### Data to examine
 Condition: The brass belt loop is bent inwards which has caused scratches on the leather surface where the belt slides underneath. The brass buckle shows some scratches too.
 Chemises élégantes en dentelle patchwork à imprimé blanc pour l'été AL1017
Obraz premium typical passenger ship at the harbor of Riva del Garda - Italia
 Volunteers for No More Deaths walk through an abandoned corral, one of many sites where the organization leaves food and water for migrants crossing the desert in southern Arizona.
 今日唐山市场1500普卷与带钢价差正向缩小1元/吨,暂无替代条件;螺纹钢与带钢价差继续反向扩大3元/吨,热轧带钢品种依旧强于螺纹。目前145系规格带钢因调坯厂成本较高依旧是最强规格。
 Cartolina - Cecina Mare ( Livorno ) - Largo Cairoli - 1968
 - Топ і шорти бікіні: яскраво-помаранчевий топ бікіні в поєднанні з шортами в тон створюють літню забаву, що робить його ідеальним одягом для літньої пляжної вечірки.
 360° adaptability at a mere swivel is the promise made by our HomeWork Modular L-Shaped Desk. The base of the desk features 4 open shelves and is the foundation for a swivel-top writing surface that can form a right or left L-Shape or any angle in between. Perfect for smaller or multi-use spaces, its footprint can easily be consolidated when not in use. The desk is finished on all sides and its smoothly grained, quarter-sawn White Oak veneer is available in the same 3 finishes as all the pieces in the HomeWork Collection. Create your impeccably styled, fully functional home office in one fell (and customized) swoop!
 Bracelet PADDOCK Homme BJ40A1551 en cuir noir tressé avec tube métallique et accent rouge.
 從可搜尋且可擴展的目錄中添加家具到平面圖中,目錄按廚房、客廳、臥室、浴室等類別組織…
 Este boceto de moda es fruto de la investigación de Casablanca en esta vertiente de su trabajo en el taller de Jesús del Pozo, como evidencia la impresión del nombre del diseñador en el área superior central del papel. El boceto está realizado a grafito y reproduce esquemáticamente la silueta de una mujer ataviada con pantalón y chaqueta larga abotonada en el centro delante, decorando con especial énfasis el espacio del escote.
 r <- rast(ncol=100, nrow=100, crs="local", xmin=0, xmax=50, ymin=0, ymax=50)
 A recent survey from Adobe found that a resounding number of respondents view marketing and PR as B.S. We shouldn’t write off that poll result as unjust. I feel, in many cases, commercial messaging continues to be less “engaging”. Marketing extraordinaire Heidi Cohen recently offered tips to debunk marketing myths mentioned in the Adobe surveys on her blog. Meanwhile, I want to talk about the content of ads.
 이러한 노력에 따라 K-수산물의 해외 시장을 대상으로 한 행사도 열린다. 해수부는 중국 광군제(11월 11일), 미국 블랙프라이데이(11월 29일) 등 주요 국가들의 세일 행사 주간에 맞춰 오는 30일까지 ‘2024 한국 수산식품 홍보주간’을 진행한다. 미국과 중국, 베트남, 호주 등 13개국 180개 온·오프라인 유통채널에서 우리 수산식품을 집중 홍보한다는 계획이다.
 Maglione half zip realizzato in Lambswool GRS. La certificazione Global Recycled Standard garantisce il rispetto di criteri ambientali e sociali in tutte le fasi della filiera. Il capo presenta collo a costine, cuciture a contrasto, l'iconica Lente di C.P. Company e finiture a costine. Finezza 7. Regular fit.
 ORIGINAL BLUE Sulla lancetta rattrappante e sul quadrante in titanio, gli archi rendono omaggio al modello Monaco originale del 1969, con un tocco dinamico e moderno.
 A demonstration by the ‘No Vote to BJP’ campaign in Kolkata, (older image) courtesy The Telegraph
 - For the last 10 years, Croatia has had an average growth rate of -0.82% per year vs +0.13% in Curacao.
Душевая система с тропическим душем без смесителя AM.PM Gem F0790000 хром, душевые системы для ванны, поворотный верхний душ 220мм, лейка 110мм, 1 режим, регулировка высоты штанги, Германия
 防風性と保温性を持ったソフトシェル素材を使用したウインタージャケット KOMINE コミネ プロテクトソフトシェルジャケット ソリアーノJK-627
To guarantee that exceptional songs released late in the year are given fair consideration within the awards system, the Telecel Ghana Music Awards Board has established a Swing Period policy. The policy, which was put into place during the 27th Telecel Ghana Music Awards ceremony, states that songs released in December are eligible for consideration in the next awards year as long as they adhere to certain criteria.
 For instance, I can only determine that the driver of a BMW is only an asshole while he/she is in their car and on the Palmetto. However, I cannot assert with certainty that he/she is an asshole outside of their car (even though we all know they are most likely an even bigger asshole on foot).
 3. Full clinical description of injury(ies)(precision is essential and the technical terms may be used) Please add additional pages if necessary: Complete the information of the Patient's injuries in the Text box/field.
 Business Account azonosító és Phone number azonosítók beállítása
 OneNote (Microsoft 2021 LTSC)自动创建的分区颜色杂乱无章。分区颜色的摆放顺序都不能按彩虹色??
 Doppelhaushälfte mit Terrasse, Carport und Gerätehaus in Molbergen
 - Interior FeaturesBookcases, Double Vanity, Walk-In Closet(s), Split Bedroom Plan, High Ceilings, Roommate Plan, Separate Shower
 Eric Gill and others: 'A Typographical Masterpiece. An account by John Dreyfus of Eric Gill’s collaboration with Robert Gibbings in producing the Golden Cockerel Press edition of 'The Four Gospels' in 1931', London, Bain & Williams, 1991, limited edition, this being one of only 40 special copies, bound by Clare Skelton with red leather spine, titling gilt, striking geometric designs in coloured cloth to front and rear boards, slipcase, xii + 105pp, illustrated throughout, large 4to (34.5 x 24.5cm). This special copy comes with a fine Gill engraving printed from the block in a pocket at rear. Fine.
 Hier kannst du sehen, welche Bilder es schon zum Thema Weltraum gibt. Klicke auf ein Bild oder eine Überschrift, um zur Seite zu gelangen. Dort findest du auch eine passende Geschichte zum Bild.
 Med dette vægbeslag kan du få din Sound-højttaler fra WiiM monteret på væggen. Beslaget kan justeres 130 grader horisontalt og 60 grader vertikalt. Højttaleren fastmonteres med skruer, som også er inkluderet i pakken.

### What to produce
Extract the full set of entries word for word.

### Written reply
 Condition: The brass belt loop is bent inwards which has caused scratches on the leather surface where the belt slides underneath. The brass buckle shows some scratches too.
 Chemises élégantes en dentelle patchwork à imprimé blanc pour l'été AL1017
Obraz premium typical passenger ship at the harbor of Riva del Garda - Italia
 Volunteers for No More Deaths walk through an abandoned corral, one of many sites where the organization leaves food and water for migrants crossing the desert in southern Arizona.
 今日唐山市场1500普卷与带钢价差正向缩小1元/吨,暂无替代条件;螺纹钢与带钢价差继续反向扩大3元/吨,热轧带钢品种依旧强于螺纹。目前145系规格带钢因调坯厂成本较高依旧是最强规格。
 Cartolina - Cecina Mare ( Livorno ) - Largo Cairoli - 1968
 - Топ і шорти бікіні: яскраво-помаранчевий топ бікіні в поєднанні з шортами в тон створюють літню забаву, що робить його ідеальним одягом для літньої пляжної вечірки.
 360° adaptability at a mere swivel is the promise made by our HomeWork Modular L-Shaped Desk. The base of the desk features 4 open shelves and is the foundation for a swivel-top writing surface that can form a right or left L-Shape or any angle in between. Perfect for smaller or multi-use spaces, its footprint can easily be consolidated when not in use. The desk is finished on all sides and its smoothly grained, quarter-sawn White Oak veneer is available in the same 3 finishes as all the pieces in the HomeWork Collection. Create your impeccably styled, fully functional home office in one fell (and customized) swoop!
 Bracelet PADDOCK Homme BJ40A1551 en cuir noir tressé avec tube métallique et accent rouge.
 從可搜尋且可擴展的目錄中添加家具到平面圖中,目錄按廚房、客廳、臥室、浴室等類別組織…
 Este boceto de moda es fruto de la investigación de Casablanca en esta vertiente de su trabajo en el taller de Jesús del Pozo, como evidencia la impresión del nombre del diseñador en el área superior central del papel. El boceto está realizado a grafito y reproduce esquemáticamente la silueta de una mujer ataviada con pantalón y chaqueta larga abotonada en el centro delante, decorando con especial énfasis el espacio del escote.
 r <- rast(ncol=100, nrow=100, crs="local", xmin=0, xmax=50, ymin=0, ymax=50)
 A recent survey from Adobe found that a resounding number of respondents view marketing and PR as B.S. We shouldn’t write off that poll result as unjust. I feel, in many cases, commercial messaging continues to be less “engaging”. Marketing extraordinaire Heidi Cohen recently offered tips to debunk marketing myths mentioned in the Adobe surveys on her blog. Meanwhile, I want to talk about the content of ads.
 이러한 노력에 따라 K-수산물의 해외 시장을 대상으로 한 행사도 열린다. 해수부는 중국 광군제(11월 11일), 미국 블랙프라이데이(11월 29일) 등 주요 국가들의 세일 행사 주간에 맞춰 오는 30일까지 ‘2024 한국 수산식품 홍보주간’을 진행한다. 미국과 중국, 베트남, 호주 등 13개국 180개 온·오프라인 유통채널에서 우리 수산식품을 집중 홍보한다는 계획이다.
 Maglione half zip realizzato in Lambswool GRS. La certificazione Global Recycled Standard garantisce il rispetto di criteri ambientali e sociali in tutte le fasi della filiera. Il capo presenta collo a costine, cuciture a contrasto, l'iconica Lente di C.P. Company e finiture a costine. Finezza 7. Regular fit.
 ORIGINAL BLUE Sulla lancetta rattrappante e sul quadrante in titanio, gli archi rendono omaggio al modello Monaco originale del 1969, con un tocco dinamico e moderno.
 A demonstration by the ‘No Vote to BJP’ campaign in Kolkata, (older image) courtesy The Telegraph
 - For the last 10 years, Croatia has had an average growth rate of -0.82% per year vs +0.13% in Curacao.
Душевая система с тропическим душем без смесителя AM.PM Gem F0790000 хром, душевые системы для ванны, поворотный верхний душ 220мм, лейка 110мм, 1 режим, регулировка высоты штанги, Германия
 防風性と保温性を持ったソフトシェル素材を使用したウインタージャケット KOMINE コミネ プロテクトソフトシェルジャケット ソリアーノJK-627
To guarantee that exceptional songs released late in the year are given fair consideration within the awards system, the Telecel Ghana Music Awards Board has established a Swing Period policy. The policy, which was put into place during the 27th Telecel Ghana Music Awards ceremony, states that songs released in December are eligible for consideration in the next awards year as long as they adhere to certain criteria.
 For instance, I can only determine that the driver of a BMW is only an asshole while he/she is in their car and on the Palmetto. However, I cannot assert with certainty that he/she is an asshole outside of their car (even though we all know they are most likely an even bigger asshole on foot).
 3. Full clinical description of injury(ies)(precision is essential and the technical terms may be used) Please add additional pages if necessary: Complete the information of the Patient's injuries in the Text box/field.
 Business Account azonosító és Phone number azonosítók beállítása
 OneNote (Microsoft 2021 LTSC)自动创建的分区颜色杂乱无章。分区颜色的摆放顺序都不能按彩虹色??
 Doppelhaushälfte mit Terrasse, Carport und Gerätehaus in Molbergen
 - Interior FeaturesBookcases, Double Vanity, Walk-In Closet(s), Split Bedroom Plan, High Ceilings, Roommate Plan, Separate Shower
 Eric Gill and others: 'A Typographical Masterpiece. An account by John Dreyfus of Eric Gill’s collaboration with Robert Gibbings in producing the Golden Cockerel Press edition of 'The Four Gospels' in 1931', London, Bain & Williams, 1991, limited edition, this being one of only 40 special copies, bound by Clare Skelton with red leather spine, titling gilt, striking geometric designs in coloured cloth to front and rear boards, slipcase, xii + 105pp, illustrated throughout, large 4to (34.5 x 24.5cm). This special copy comes with a fine Gill engraving printed from the block in a pocket at rear. Fine.
 Hier kannst du sehen, welche Bilder es schon zum Thema Weltraum gibt. Klicke auf ein Bild oder eine Überschrift, um zur Seite zu gelangen. Dort findest du auch eine passende Geschichte zum Bild.
 Med dette vægbeslag kan du få din Sound-højttaler fra WiiM monteret på væggen. Beslaget kan justeres 130 grader horisontalt og 60 grader vertikalt. Højttaleren fastmonteres med skruer, som også er inkluderet i pakken.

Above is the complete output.